Records from a dataset:

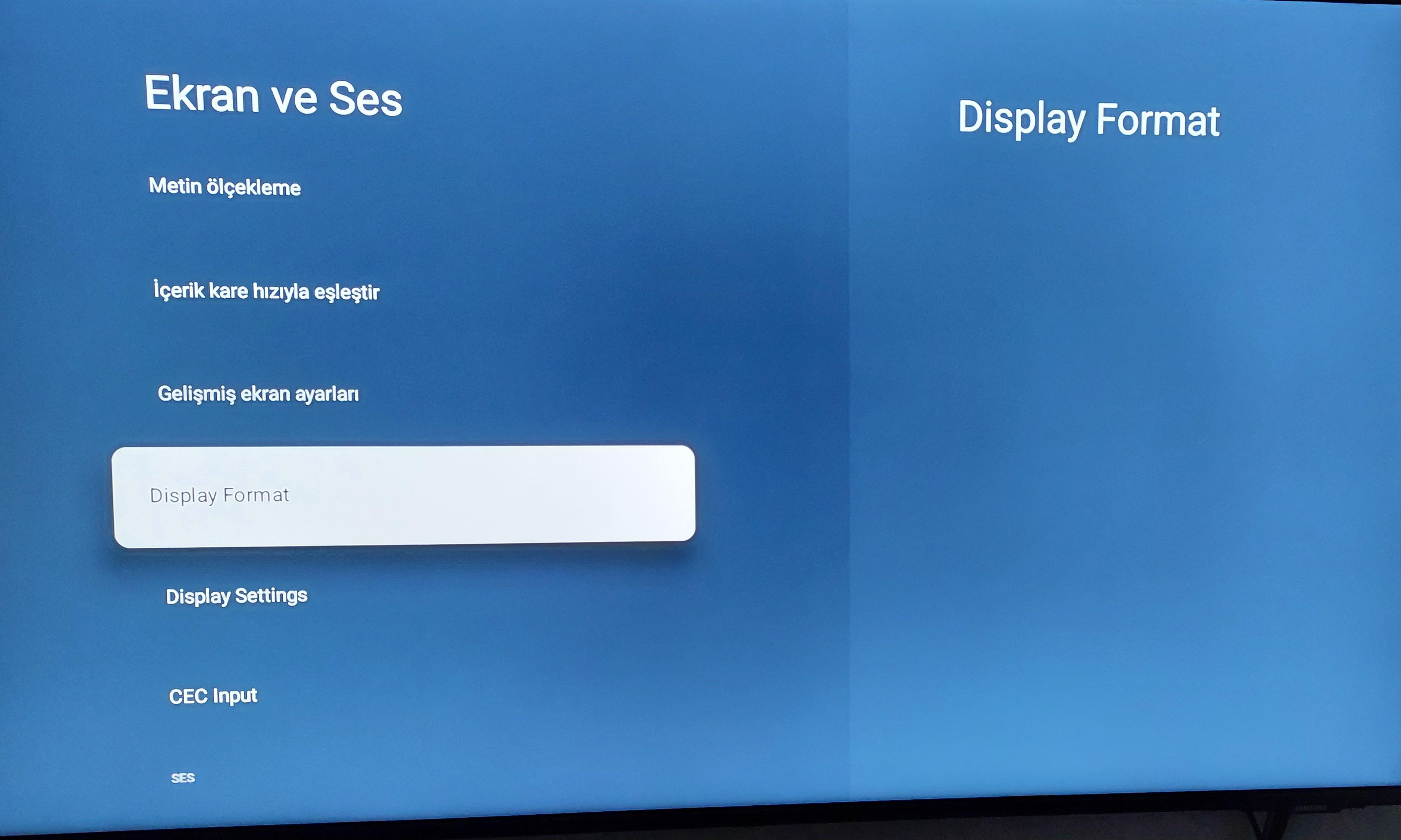 Aşağıdaki fotolarda görüldüğü gibi display değerler görünmüyor ,dolayısıyle 3840-2160 ,1080 gibi değerşeri değiştiremiyorum. Cihaz tv ye göre kendisi atadığı için kullanımda bir sorun görünmüyor.
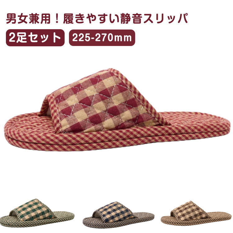 ■ルームシューズ スリッパ 静音スリッパ 前あきスリッパ 2足セット 洗える 滑り止め 軽い レディース メンズ 綿 蒸れない 通気性 前開き
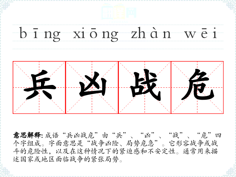 成语“兵凶战危”由“兵”、“凶”、“战”、“危”四个字组成。字面意思是“战争凶险、局势危急”。它形容战争或战斗的危险性,以及在这种情况下的紧迫感和不安定性。通常用来描述国家或地区面临战争的紧张局势。
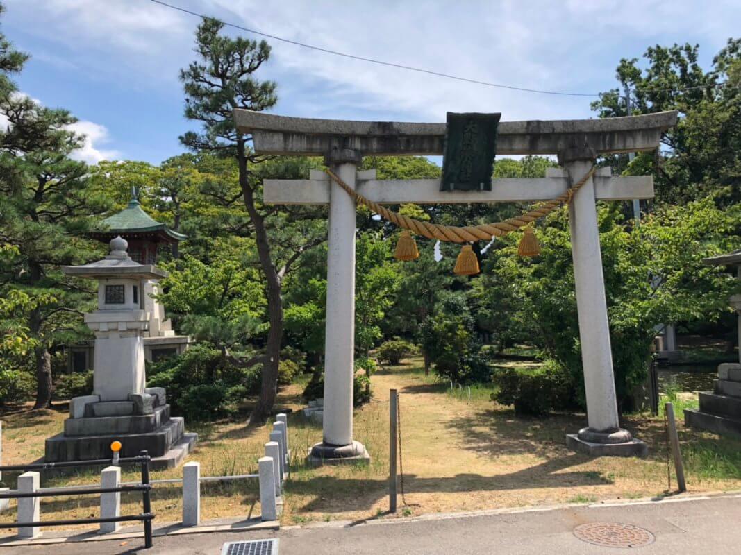 まっすぐ道を歩いて行くと最初の大きな交差点の右手に大きな鳥居が見えます。
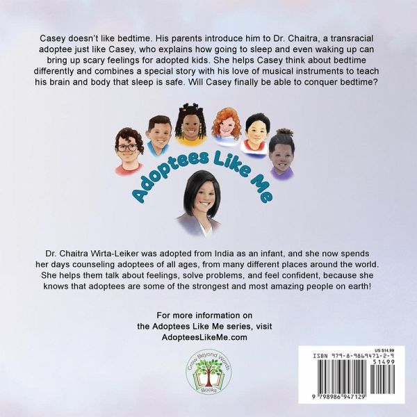 Casey doesn't like bedtime. His parents introduce him to Dr. Chaitra, a transracial adoptee just like Casey, who explains how going to sleep and even waking up can bring up scary feelings for adopted kids. She helps Casey think about bedtime differently and combines a special story with his love of musical instruments to teach his brain and body that sleep is safe. Will Casey finally be able to conquer bedtime? Dr. Chaitra Wirta-Leiker is an international and transracial adoptee from India. She traveled to the United States as a tiny baby, escorted in a basket with three other babies, and she's pretty sure that's why she likes her space when she sleeps now. She loves spending time with other adoptees of all ages, including her own child, because she knows about all the remarkable things that can happen when adoptees connect with each other. Dr. Chaitra wishes that every single adopted person in the world could visit her therapy office and talk with her about what it's like to be an adoptee, but because that's not possible, she decided to invite everyone into her therapy room by creating the "Adoptees Like Me" illustrated book series to reach early readers at an age when school is relatively new and children are keenly attuned to differences, which can raise a host of challenges for young adoptees. In each story, we learn what it's like to be in therapy with a professional who understands how it feels to be adopted, and readers gain insights and tools they can use in their daily lives. The diverse set of characters, family situations, and topics in the series give every young adoptee a chance to see themselves represented, find their voice, and feel understood. CASEY CONQUERS BEDTIME is the second book in Dr. Chaitra's "Adoptees Like Me" series, joining MARIE DISCOVERS HER SUPERPOWERS (2022). Learn more at AdopteesLikeMe.com. EDITORIAL REVIEWS ¿"Every child who has experienced early trauma or loss needs this book. It is a gentle and clear guide not only for navigating bedtime, but for understanding trauma and how to overcome the messages it leaves in the body."-ELI HARWOOD, LPC, Founder of Attachment Nerd "There are so many reasons bedtime battles have been an issue in my work as a therapist (and a mom). For kids who have experienced loss or trauma, there is often an extra layer! Find language, tools, and more in this honest, uplifting story. I especially love that the author shares her lived experience, helping adoptees both tap into their inner strength and know they are not alone."-JESSICA SINARSKI, author of Riley the Brave series and My Magic Backpack series
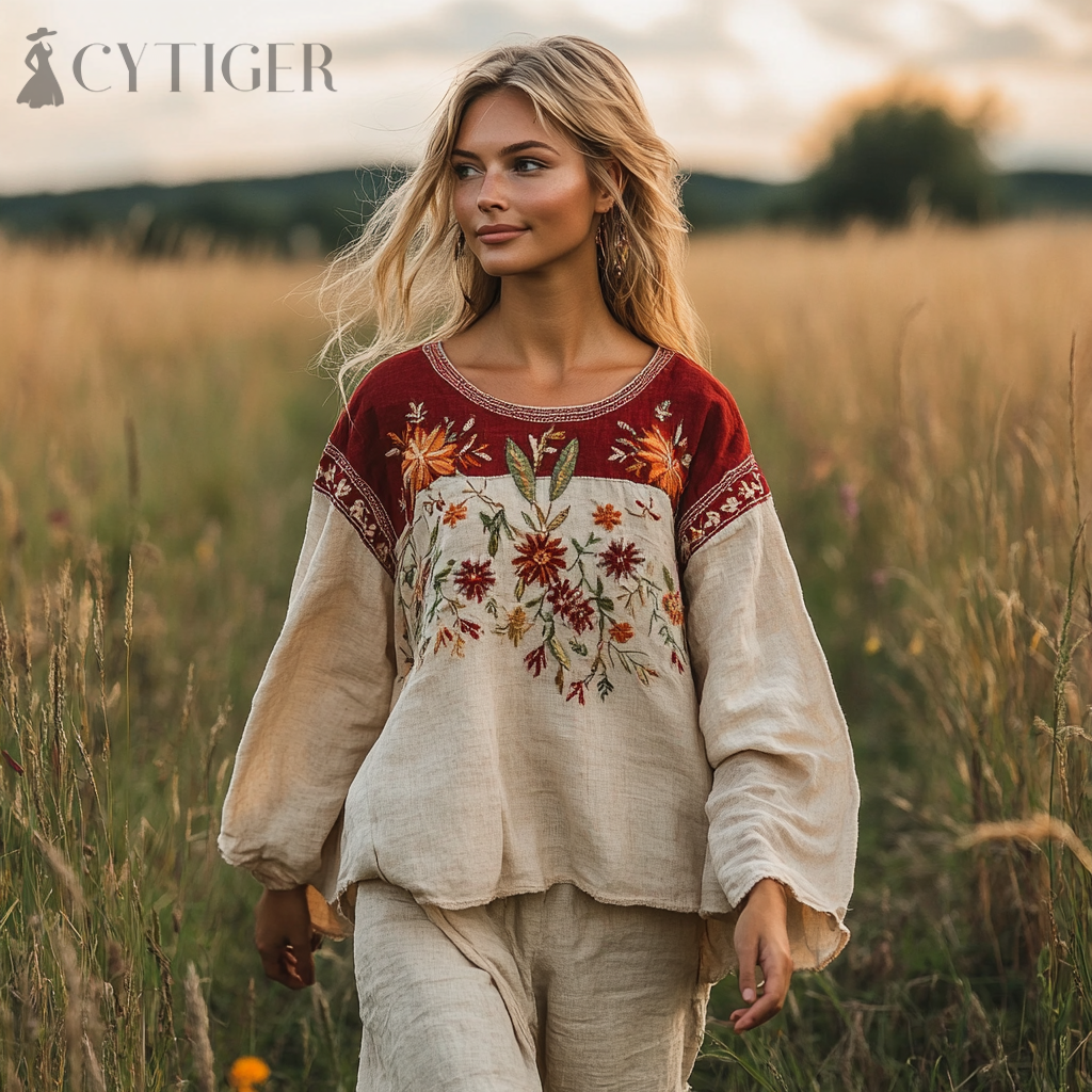 Retro Bohemian Floral Embroidery Art Linen Blend Loose Blouse
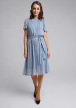 Платье полуприлегающего силуэта выполнено из шифона, по юбке трикотажная подкладка. Рукав втачной, по низу рукава манжета на застёжку петли и пуговицу. Округлый вырез горловины, воротник съёмный на завязку, по переду планка с рюшами с пришивным кружевом, застёжка на петли и пуговицы. Платье отрезное по линии талии, по спинке для удобства в носке в шов вставлена резинка. По линии талии юбка собрана на сборку.
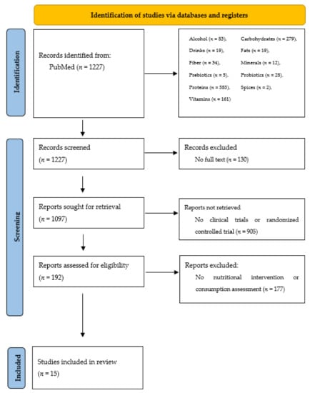 The influence of selected nutritional factors on AV described in publications found to be in accordance with the assumed criteria is presented in Table 1. In addition, Table 2 summarises the studies that were found during the database review to discuss and explain the role of nutritional factors but were not displayed according to the assumed criteria for the literature review.
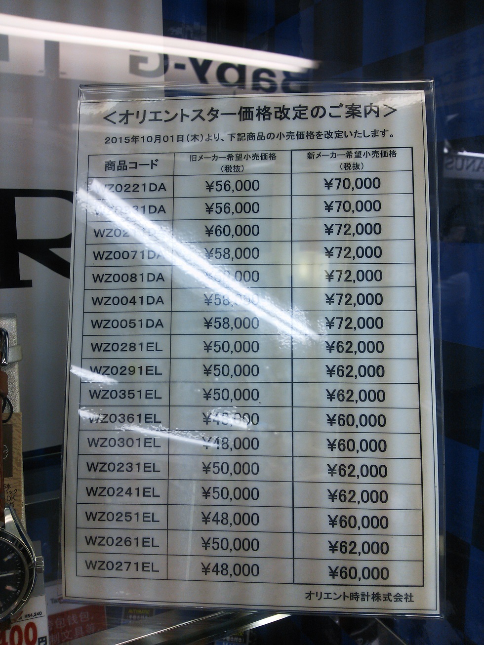 オリエントも10/1より値上げとなります。
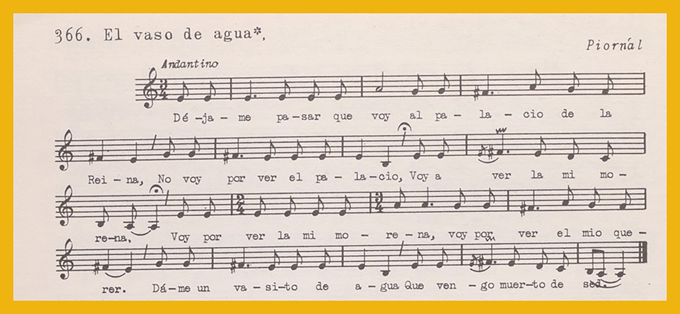 Ref. Partitura transcripción Kurt Schindler (1941): A. " Déjame pasar que voy al palacio de la reina" aparece como «El vaso de agua» registro nº 366. «Despierta, mi bien» registro nº 367. B.«A San Roque», registro nº 368. «Ángeles y serafines (Cantar de Reyes)», registro nº 369
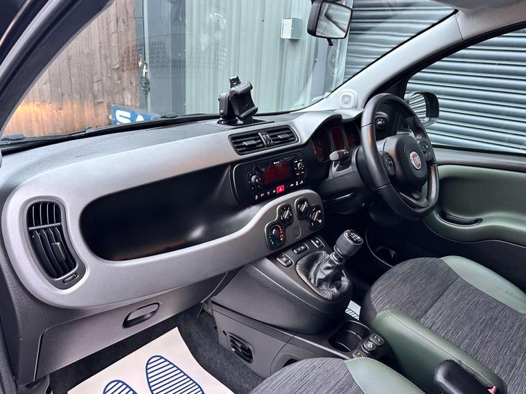 FIAT Panda 0.9 TwinAir 4x4 4WD 5dr Euro 6 ULEZ FREE. Finished in Darkwave Black with contrasting Grey Fabric/ Green 'Eco Leather'.15'' alloy wheels, Winter Pack, privacy glass, DAB radio, Bluetooth, electrically adjustable heated door mirrors, electric front windows, multifunction steering wheels, air conditioning, 5 seats, heated front seats, heated front windscreen, heated rear screen, central door locking, 4WD, electronic locking rear differential.Here at Saracen Motor Group we have been awarded AA Platinum dealership recognition along with being nominated for best customer service by Autotrader for 2021, 2022, 2023, 2024 & 2025. We are a 5-star dealership with over 600 5-star reviews across all internet platforms including Autotrader and have been regarded as one of the best dealerships to buy from in the UK.Our preparation team inspects each vehicle to the highest level possible for its age and mileage. You can rest assured your next car has been cared for to the highest standard. Service history, V5 and the HPI certificate will all be present on viewing and collection. With our location based in Battlesbridge, Essex you can enjoy a haggle-free buying experience where you can drive away the same day if prior arranged, additional fees apply please see our website for details..
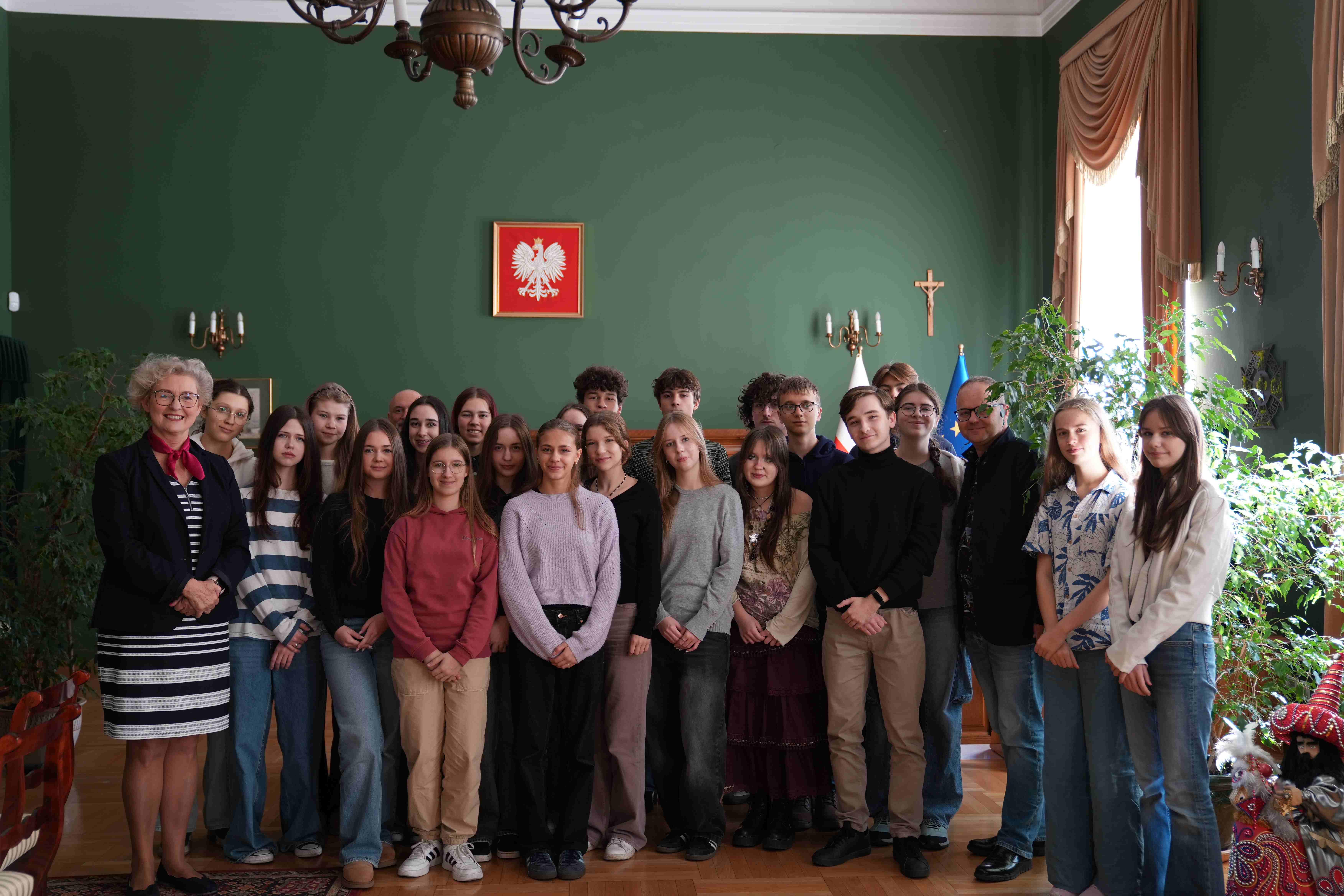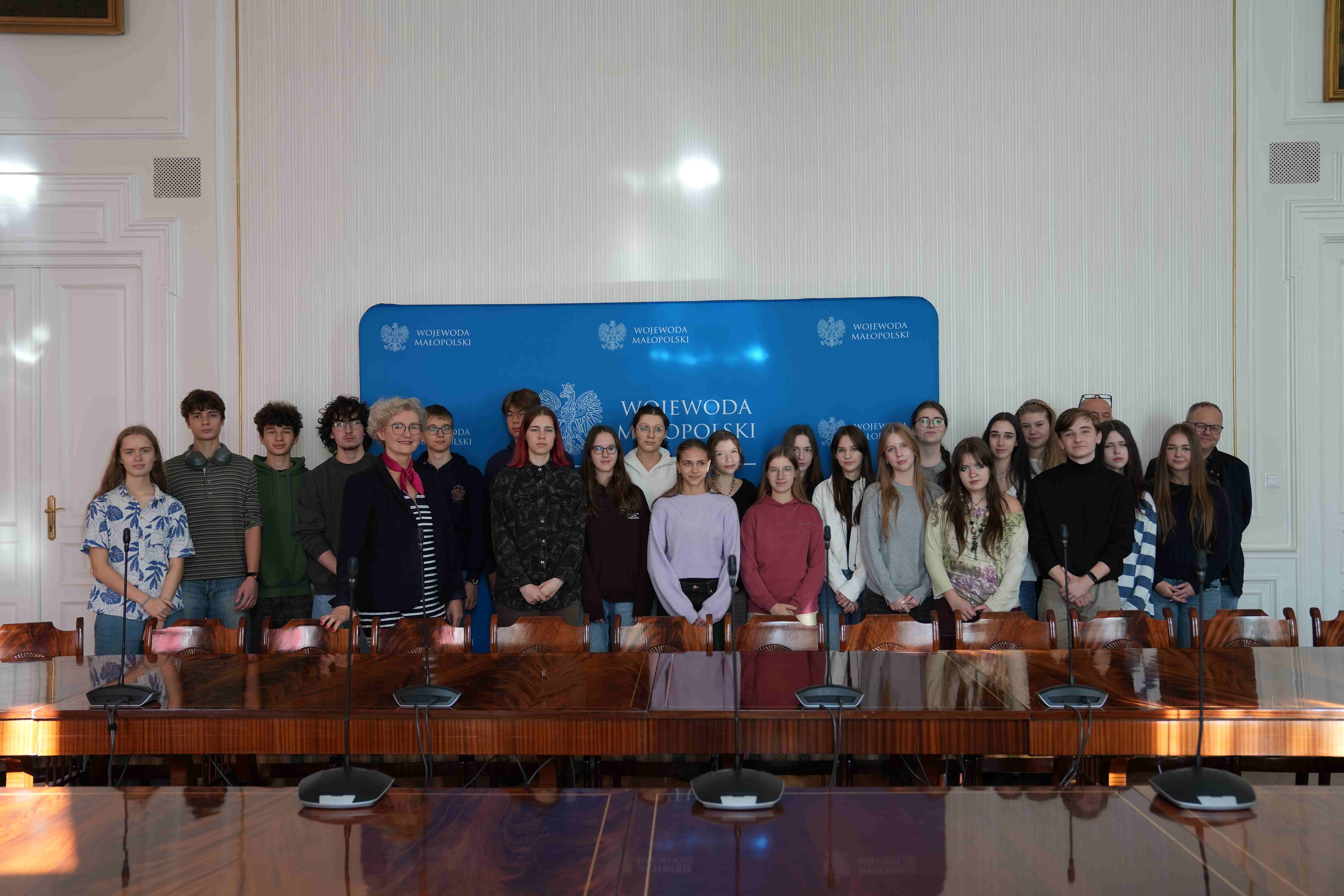 Na zdjęciu I wicewojewoda małopolska Elżbieta Achinger wraz z grupą uczniów ze szkoły zwiedzając gabinet wojewody. Na ścianie godło.

YOUR GOAL: Return word for word the lines from the beginning of the entries through the line that contains "まっすぐ道を歩いて行くと最初の大きな交差点の右手に大きな鳥居が見えます。", both ends included, but no pictures.

RESULT OF THE TASK:
 Aşağıdaki fotolarda görüldüğü gibi display değerler görünmüyor ,dolayısıyle 3840-2160 ,1080 gibi değerşeri değiştiremiyorum. Cihaz tv ye göre kendisi atadığı için kullanımda bir sorun görünmüyor.
 ■ルームシューズ スリッパ 静音スリッパ 前あきスリッパ 2足セット 洗える 滑り止め 軽い レディース メンズ 綿 蒸れない 通気性 前開き
 成语“兵凶战危”由“兵”、“凶”、“战”、“危”四个字组成。字面意思是“战争凶险、局势危急”。它形容战争或战斗的危险性,以及在这种情况下的紧迫感和不安定性。通常用来描述国家或地区面临战争的紧张局势。
 まっすぐ道を歩いて行くと最初の大きな交差点の右手に大きな鳥居が見えます。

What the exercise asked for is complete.